BEGIN INPUT MATERIAL

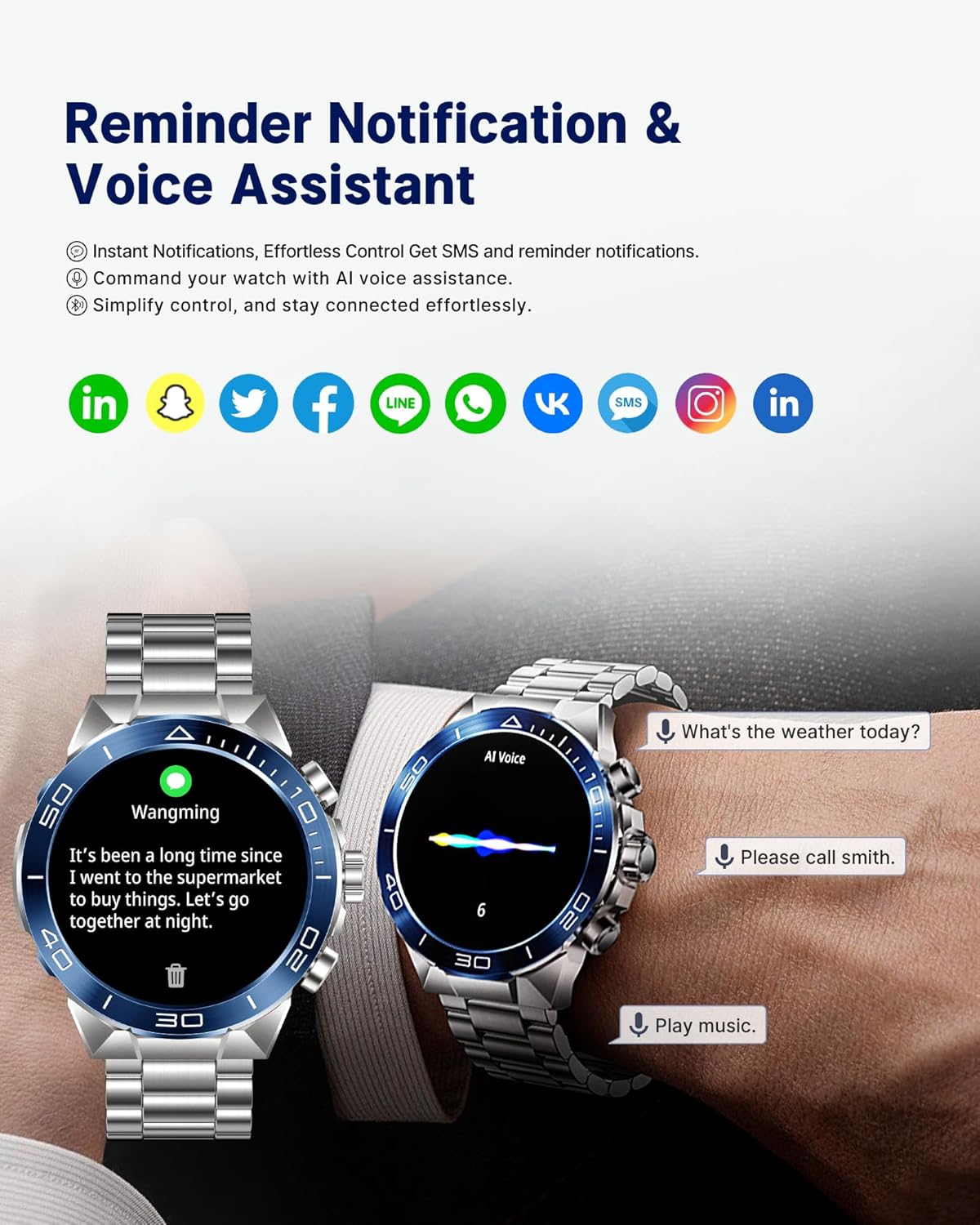 【Bluetooth Calling, Voice Assistant, and Notifications】Equipped with an integrated microphone and high-fidelity speaker, SOUYIE Smart watch for men allows you to make/receive/reject calls, view call logs, and add contacts. Android smart watches for men also receives reminder notifications (including SMS, Facebook, WhatsApp, Twitter, Instagram, Facebook Messenger, and more) Ensuring you never miss crucial alerts.
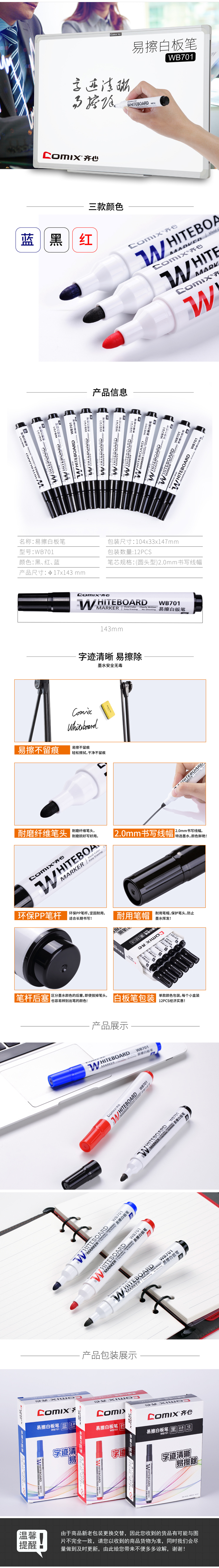 商品名称:【满49包邮】齐心 WB701 易擦白板笔
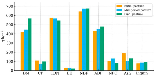 Animals were kept under a semi-feedlot system for 52 days, including a 12-day adaptation period and a 40-day data collection phase. Each morning at 9:00 a.m., the animals were moved to a collective paddock of 0.32 ha, composed of a mixed pasture of Buffel grass (Cenchrus ciliaris) and Sabi grass (Urochloa mocambisensis) in estimated proportions of 30% and 70%, respectively, based on visual observations of fresh matter. At the start of the experiment, the pasture had an average dry matter yield of 5.8 ton ha−1 and an average height of 64.8 cm. Botanical composition and forage productivity were estimated using the total collection quadrat method. The mean chemical composition of the deferred pasture during the trial is shown in Figure 1.
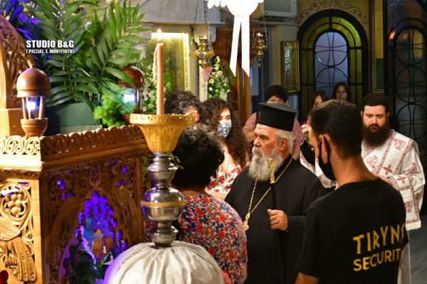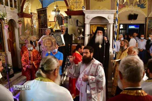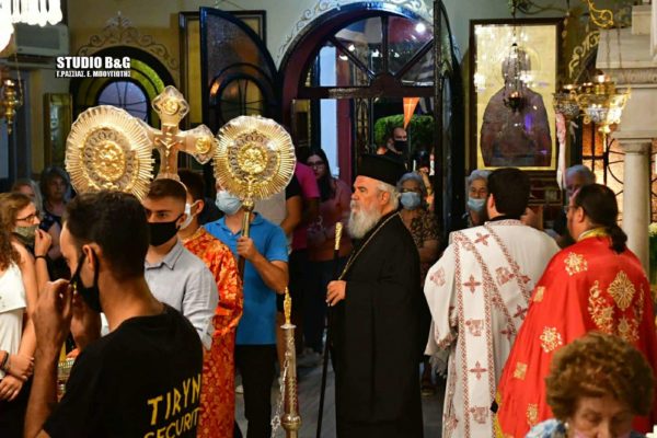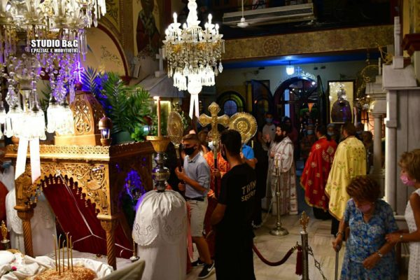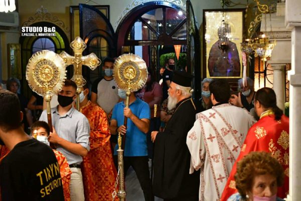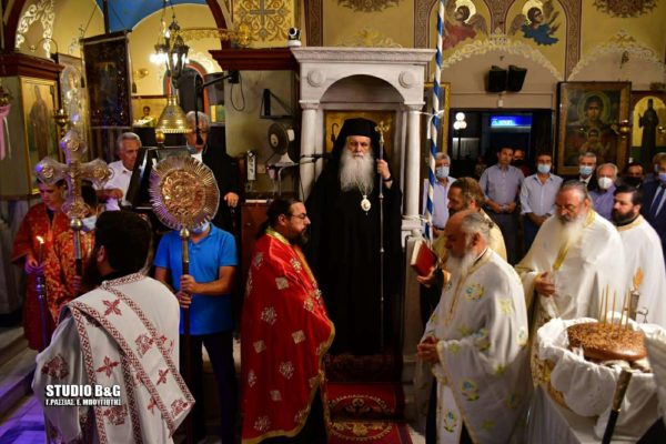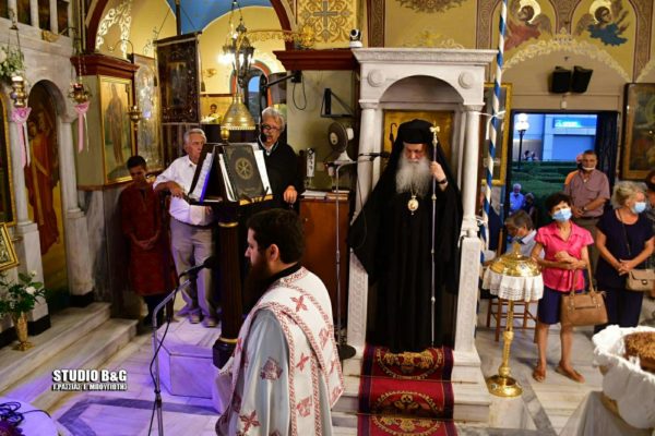 Την παραμονή της Εορτής, Κυριακή 22 Αυγούστου 2021 εψάλει Μέγας Πανηγυρικός Εσπερινός, μετ’ Αρτοκλασίας και θείου κηρύγματος, χοροστατούντος του Σεβασμιωτάτου Μητροπολίτου Αργολίδος κ. Νεκταρίου.
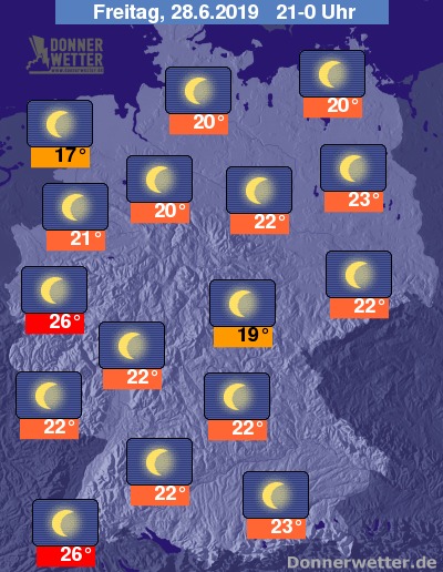 Am frühen Abend bewegen sich die Temperaturen im Norden und Nordosten zwischen 19 und 25 Grad, im Süden und Südwesten noch bei sehr warmen bis heißen 26 bis 31 Grad.
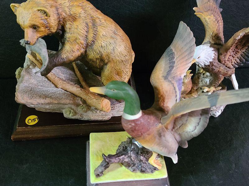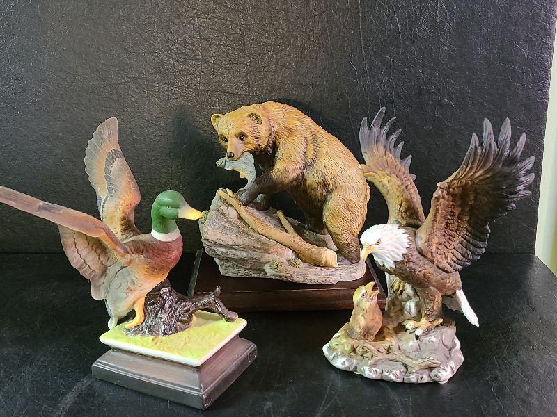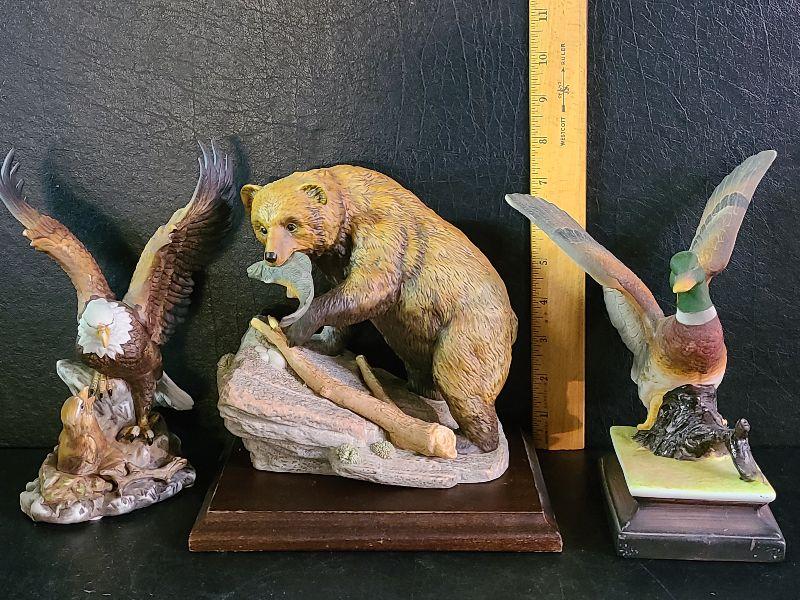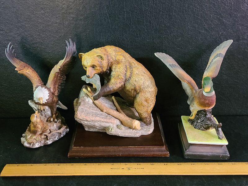 C157: Bear, Eagle, and Duck Statues. Medium in size
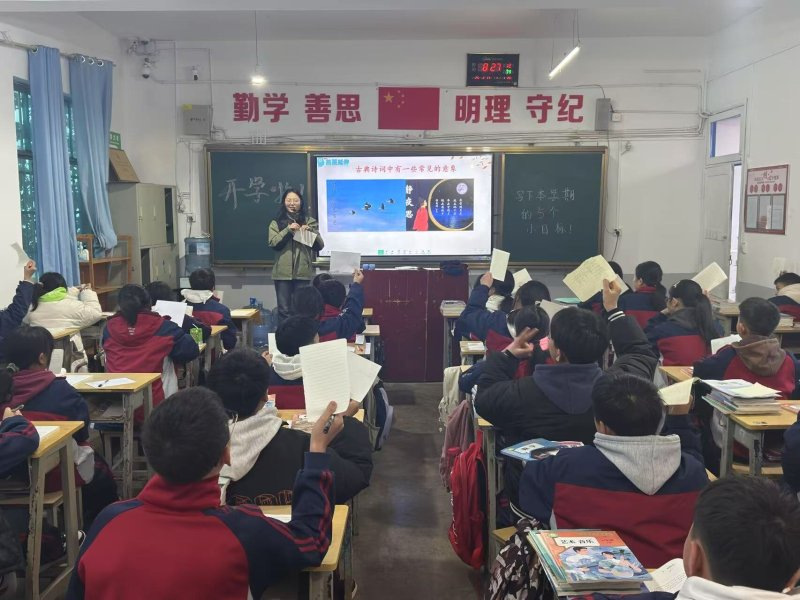 新学期,新目标。高瑞芳引导学生们写下新学期计划。同学们认真思考,兴致勃勃,在纸上写下自己的一个个小目标:有的希望提高学习成绩,有的立志多读好书,还有的决心树立良好的行为习惯。高瑞芳说:“制定计划是迈向成功的第一步,希望同学们能够脚踏实地,一步一个脚印地实现自己的目标。”
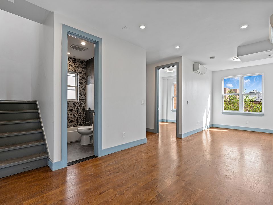 Bright and modern 2-bedroom duplex featuring a private outdoor space, 2 bathrooms, and oversized windows. Wood-style flooring throughout apartment. Updated appliances and fixtures. Close to transit, shops, and local amenities.

END INPUT MATERIAL

■ **TASK PROMPT**:
Please retype the material in full, exactly as it reads, apart from the images.

■ **TASK ANSWER**:
 【Bluetooth Calling, Voice Assistant, and Notifications】Equipped with an integrated microphone and high-fidelity speaker, SOUYIE Smart watch for men allows you to make/receive/reject calls, view call logs, and add contacts. Android smart watches for men also receives reminder notifications (including SMS, Facebook, WhatsApp, Twitter, Instagram, Facebook Messenger, and more) Ensuring you never miss crucial alerts.
 商品名称:【满49包邮】齐心 WB701 易擦白板笔
 Animals were kept under a semi-feedlot system for 52 days, including a 12-day adaptation period and a 40-day data collection phase. Each morning at 9:00 a.m., the animals were moved to a collective paddock of 0.32 ha, composed of a mixed pasture of Buffel grass (Cenchrus ciliaris) and Sabi grass (Urochloa mocambisensis) in estimated proportions of 30% and 70%, respectively, based on visual observations of fresh matter. At the start of the experiment, the pasture had an average dry matter yield of 5.8 ton ha−1 and an average height of 64.8 cm. Botanical composition and forage productivity were estimated using the total collection quadrat method. The mean chemical composition of the deferred pasture during the trial is shown in Figure 1.
 Την παραμονή της Εορτής, Κυριακή 22 Αυγούστου 2021 εψάλει Μέγας Πανηγυρικός Εσπερινός, μετ’ Αρτοκλασίας και θείου κηρύγματος, χοροστατούντος του Σεβασμιωτάτου Μητροπολίτου Αργολίδος κ. Νεκταρίου.
 Am frühen Abend bewegen sich die Temperaturen im Norden und Nordosten zwischen 19 und 25 Grad, im Süden und Südwesten noch bei sehr warmen bis heißen 26 bis 31 Grad.
 C157: Bear, Eagle, and Duck Statues. Medium in size
 新学期,新目标。高瑞芳引导学生们写下新学期计划。同学们认真思考,兴致勃勃,在纸上写下自己的一个个小目标:有的希望提高学习成绩,有的立志多读好书,还有的决心树立良好的行为习惯。高瑞芳说:“制定计划是迈向成功的第一步,希望同学们能够脚踏实地,一步一个脚印地实现自己的目标。”
 Bright and modern 2-bedroom duplex featuring a private outdoor space, 2 bathrooms, and oversized windows. Wood-style flooring throughout apartment. Updated appliances and fixtures. Close to transit, shops, and local amenities.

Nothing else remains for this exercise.